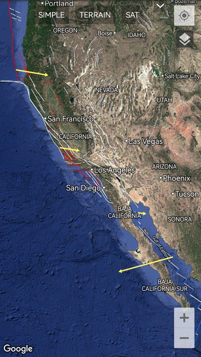 Сохраняются признаки тектонического напряжения уровня М6+ по Калифорнии
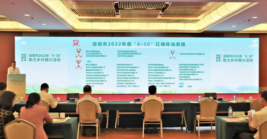 2023年深圳“6·30”活動圍繞“鞏固脫貧成果,助力鄉(xiāng)村振興”主題展開,現(xiàn)場宣讀了深圳市2023年“6·30”助力鄉(xiāng)村振興活動倡議書、深圳市2022年度“6·30紅棉杯”認(rèn)定結(jié)果,愛心企業(yè)、愛心組織等現(xiàn)場踴躍參與“6·30”舉牌認(rèn)捐和消費(fèi)幫扶舉牌認(rèn)購。市委常委、常務(wù)副市長黃敏,市政協(xié)原主席、市慈善會會長戴北方,市政府副秘書長張晉周,市鄉(xiāng)村振興和協(xié)作交流局局長劉衛(wèi)翔,信義集團(tuán)、騰訊公益慈善基金會、深圳市百合控股集團(tuán)有限公司、心里程控股集團(tuán)有限公司等愛心企業(yè)及社會團(tuán)體代表參加此次活動。
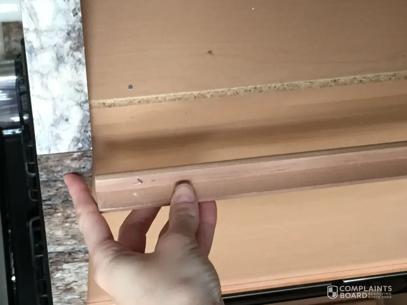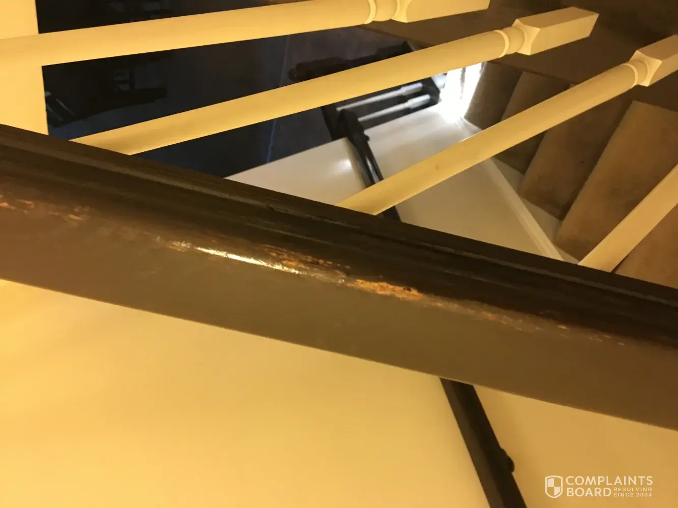 Our new house - no knobs on tthe cabinets when we moved in. Â No credit for not putting knobs on. Â Hardwood floors are the worst I have seen. Â The stain on the stairs is not even close to the stain on the floor (already had two people comment on this). Â Was not told that a pull down set of steps was not included (how ridiculous). Â There were not even lights in most of the rooms. Â My carpet is so uncomfortable. Â Long punch list of loose fixtures, trim not painted, hardwood, cabinets, nails, wrong drain pan, goes on and on.
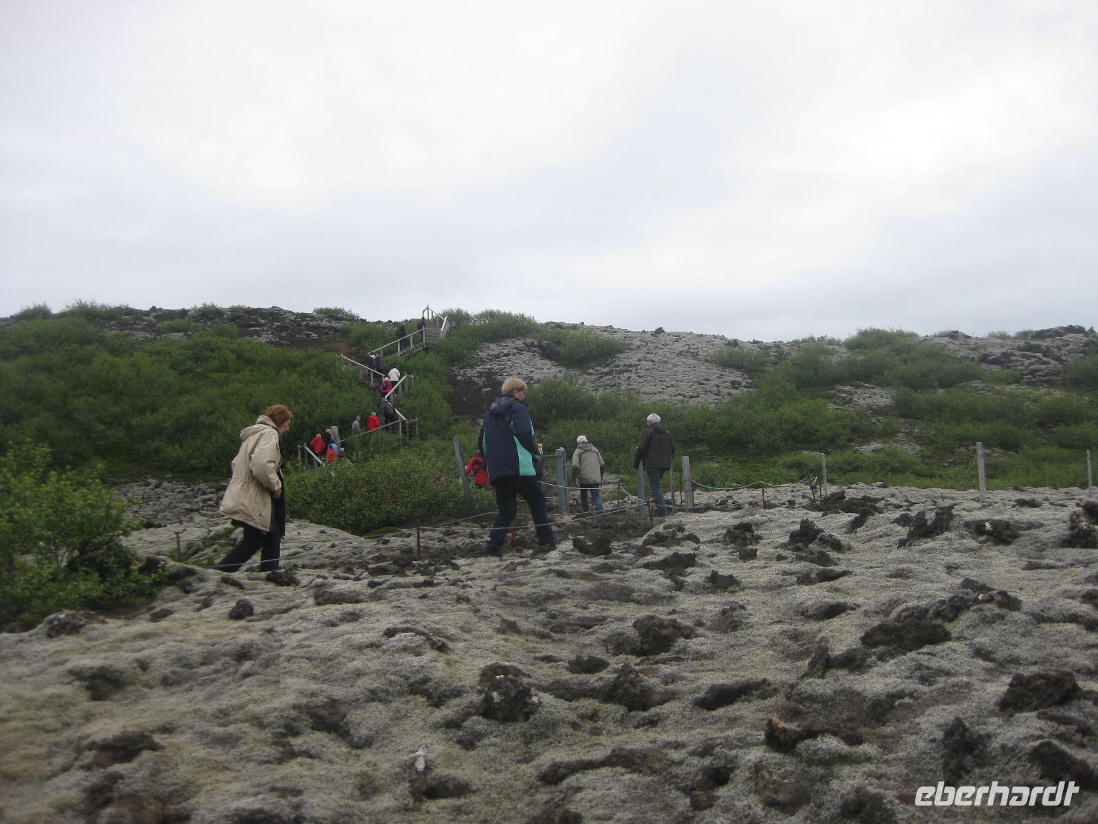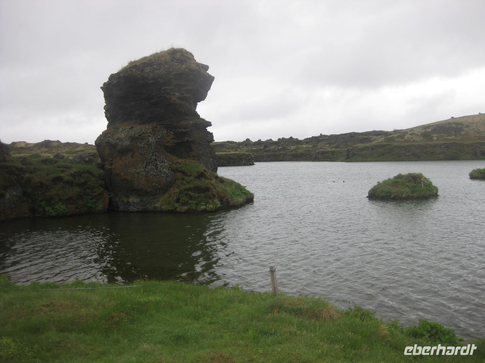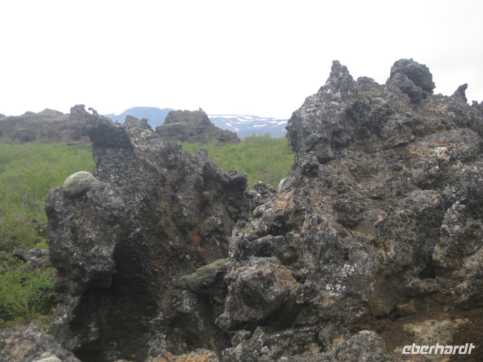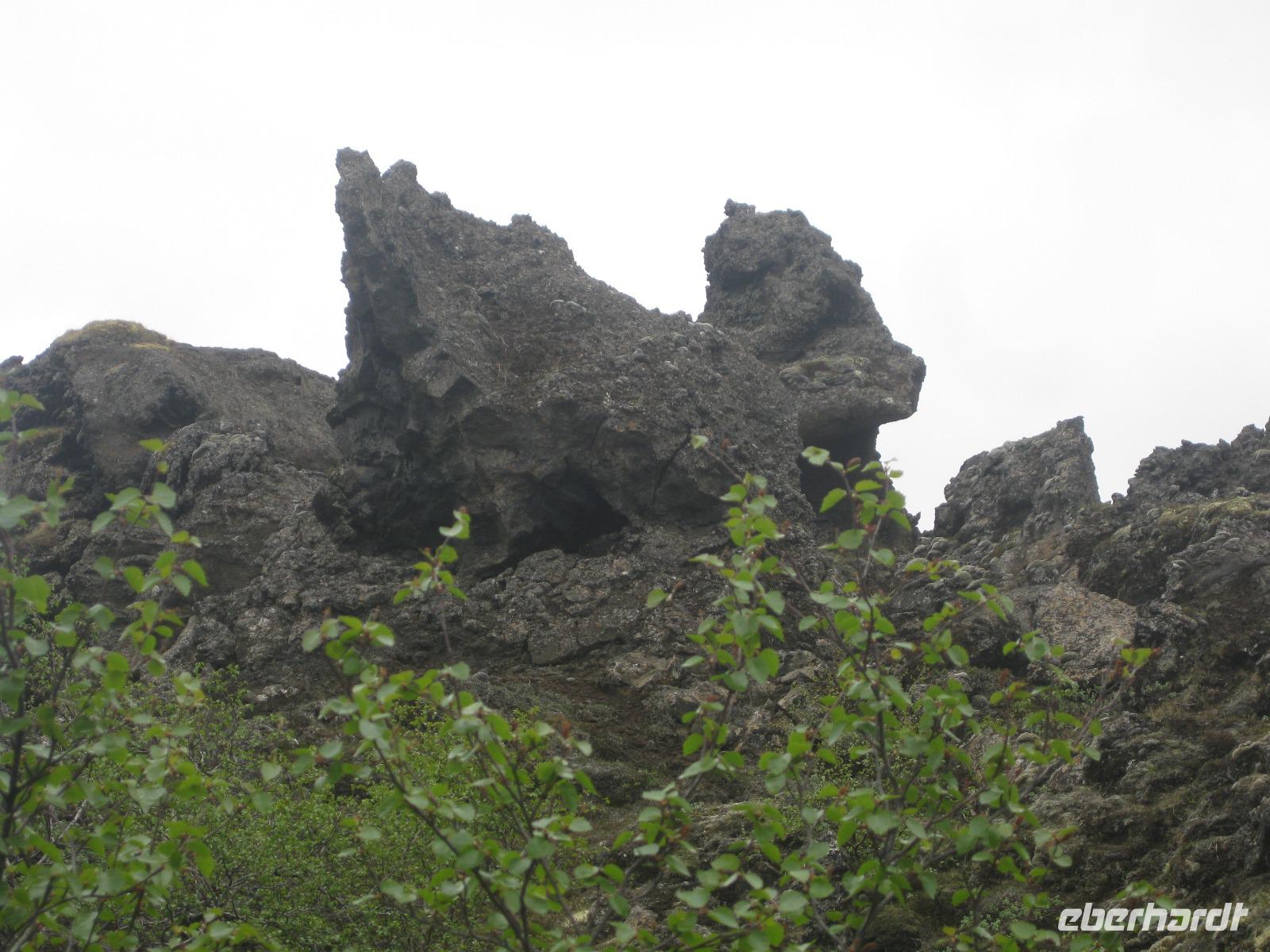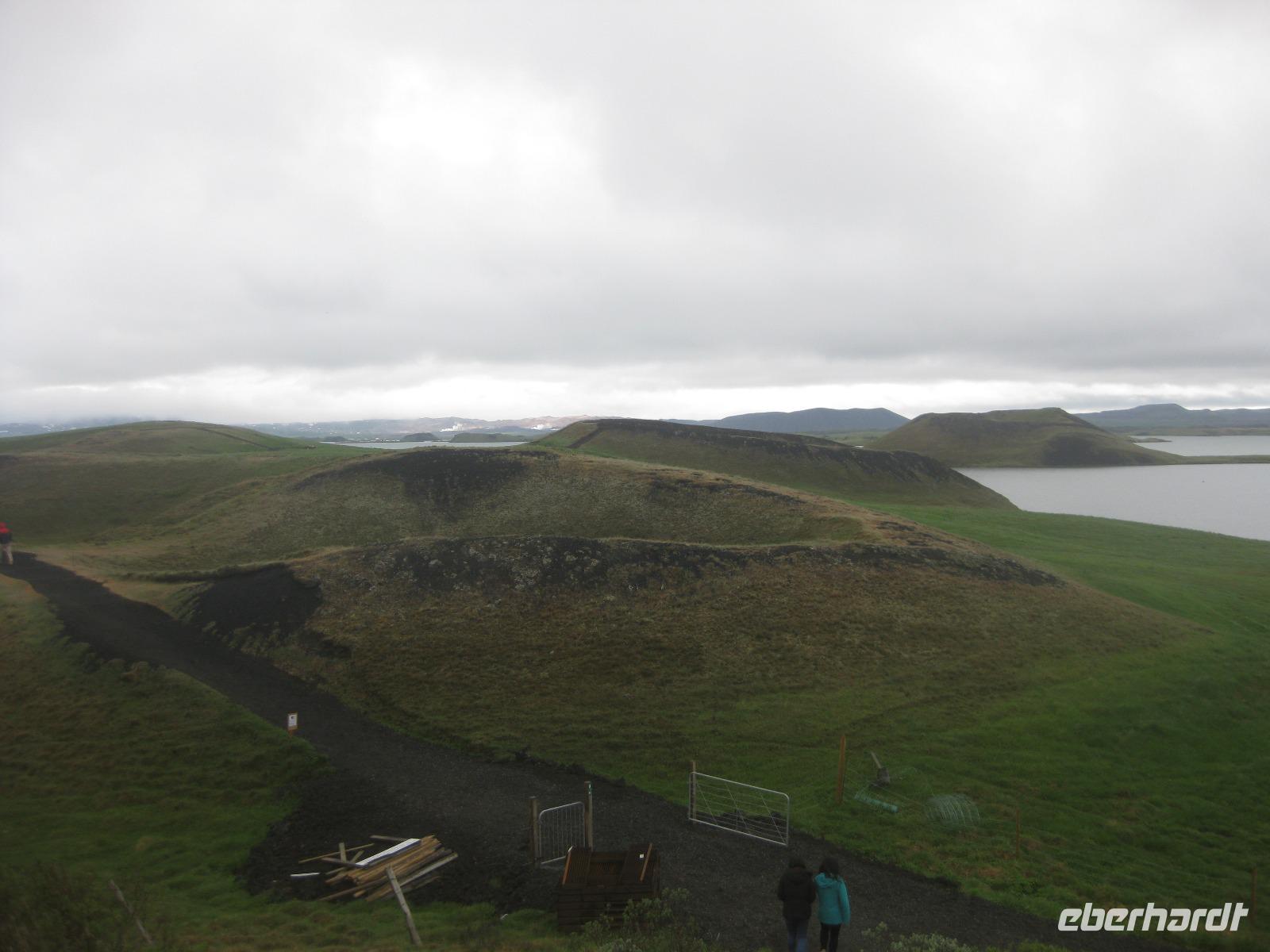In Skutustadir halten wir. Hier sind die Pseudokrater am besten zugänglich und zu überblicken. Wir steigen aus dem Bus und es hat aufgehört zu regnen! Die Wolken sind wieder etwas höher, so dass wir gut über das ganze Gebiet schauen können. Bevor wir in Dimmuborgir einen Rundgang machen, stoppen wir erst noch mal am Myvatn-See, um die Lavasäulen von Kalvaströnd zu bestaunen - sehr eindrucksvoll. Der Rundgang durch Dimmuborgir, die "Dunklen Burgen" entpuppt sich als ein Spaziergang durch einen Irrgarten aus Lava. Wir müssen alle gut zusammen bleiben. Und hier könnte das zu Hause der 13 Weihnachtsmänner von Island sein, berichtet uns Berglind. Gleich neben Dimmuborgir befindet sich der gleichmäßig geformte Ringwallkrater des Hverfjall. Er ist weithin sichtbar. Wir fahren nur ein kleines Stück weiter in das Solfatarengebiet Hverarönd. Vorher stoppen wir noch an einem Aussichtspunkt, wo wir einen atemberaubenden Blick über das ganze Gebiet genießen können. Hverarönd ist wieder ganz anders als das bisher Gesehene. Hier brodelt und dampfen die Schwefel-, Schlamm- und Dampfquellen. Man kommt sich vor wie in des "Teufels Küche".
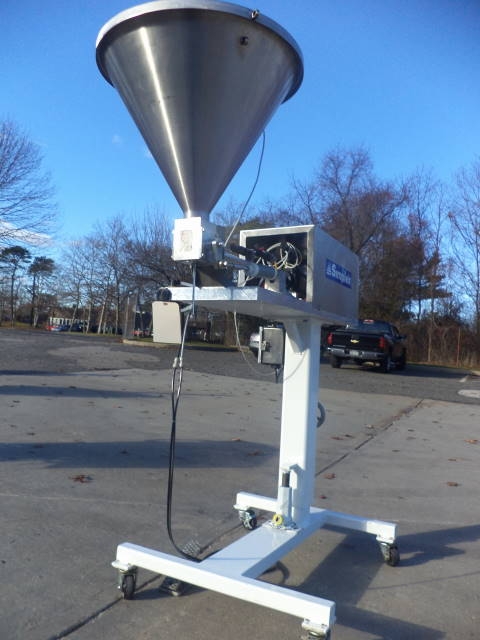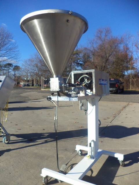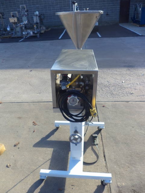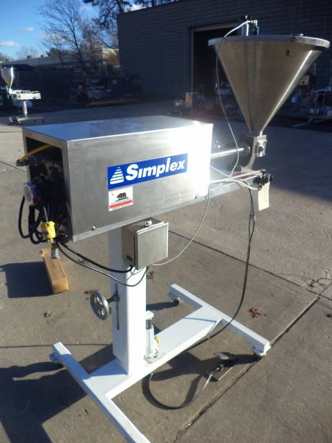 1-Used Simplex Model AV-100 Single Piston Filler, S/N 8063. Rated up to 25 fills per minute, this Air Operated Filler is presently equipped with approx. 1-3/8 in. diameter X 17-1/4 in. long product cylinder (approx. 14 oz. maximum fill). Can be supplied with extra filling cylinders of approx. 4-1/4 in. diameter X 17 in. long (133 oz. maximum fill) at additional charge. On portable stand with casters, this foot switch activated Piston Filler has approx. 21 in. diameter conical hopper with lid and was previously used in the pharmaceutical industry. (Stock #7953K)

===============

- [Assignment] In copying the listing, reproduce each line exactly and omit the pictures.

- [Solution to the exercise]
 Сохраняются признаки тектонического напряжения уровня М6+ по Калифорнии
 2023年深圳“6·30”活動圍繞“鞏固脫貧成果,助力鄉(xiāng)村振興”主題展開,現(xiàn)場宣讀了深圳市2023年“6·30”助力鄉(xiāng)村振興活動倡議書、深圳市2022年度“6·30紅棉杯”認(rèn)定結(jié)果,愛心企業(yè)、愛心組織等現(xiàn)場踴躍參與“6·30”舉牌認(rèn)捐和消費(fèi)幫扶舉牌認(rèn)購。市委常委、常務(wù)副市長黃敏,市政協(xié)原主席、市慈善會會長戴北方,市政府副秘書長張晉周,市鄉(xiāng)村振興和協(xié)作交流局局長劉衛(wèi)翔,信義集團(tuán)、騰訊公益慈善基金會、深圳市百合控股集團(tuán)有限公司、心里程控股集團(tuán)有限公司等愛心企業(yè)及社會團(tuán)體代表參加此次活動。
 Our new house - no knobs on tthe cabinets when we moved in. Â No credit for not putting knobs on. Â Hardwood floors are the worst I have seen. Â The stain on the stairs is not even close to the stain on the floor (already had two people comment on this). Â Was not told that a pull down set of steps was not included (how ridiculous). Â There were not even lights in most of the rooms. Â My carpet is so uncomfortable. Â Long punch list of loose fixtures, trim not painted, hardwood, cabinets, nails, wrong drain pan, goes on and on.
In Skutustadir halten wir. Hier sind die Pseudokrater am besten zugänglich und zu überblicken. Wir steigen aus dem Bus und es hat aufgehört zu regnen! Die Wolken sind wieder etwas höher, so dass wir gut über das ganze Gebiet schauen können. Bevor wir in Dimmuborgir einen Rundgang machen, stoppen wir erst noch mal am Myvatn-See, um die Lavasäulen von Kalvaströnd zu bestaunen - sehr eindrucksvoll. Der Rundgang durch Dimmuborgir, die "Dunklen Burgen" entpuppt sich als ein Spaziergang durch einen Irrgarten aus Lava. Wir müssen alle gut zusammen bleiben. Und hier könnte das zu Hause der 13 Weihnachtsmänner von Island sein, berichtet uns Berglind. Gleich neben Dimmuborgir befindet sich der gleichmäßig geformte Ringwallkrater des Hverfjall. Er ist weithin sichtbar. Wir fahren nur ein kleines Stück weiter in das Solfatarengebiet Hverarönd. Vorher stoppen wir noch an einem Aussichtspunkt, wo wir einen atemberaubenden Blick über das ganze Gebiet genießen können. Hverarönd ist wieder ganz anders als das bisher Gesehene. Hier brodelt und dampfen die Schwefel-, Schlamm- und Dampfquellen. Man kommt sich vor wie in des "Teufels Küche".
 1-Used Simplex Model AV-100 Single Piston Filler, S/N 8063. Rated up to 25 fills per minute, this Air Operated Filler is presently equipped with approx. 1-3/8 in. diameter X 17-1/4 in. long product cylinder (approx. 14 oz. maximum fill). Can be supplied with extra filling cylinders of approx. 4-1/4 in. diameter X 17 in. long (133 oz. maximum fill) at additional charge. On portable stand with casters, this foot switch activated Piston Filler has approx. 21 in. diameter conical hopper with lid and was previously used in the pharmaceutical industry. (Stock #7953K)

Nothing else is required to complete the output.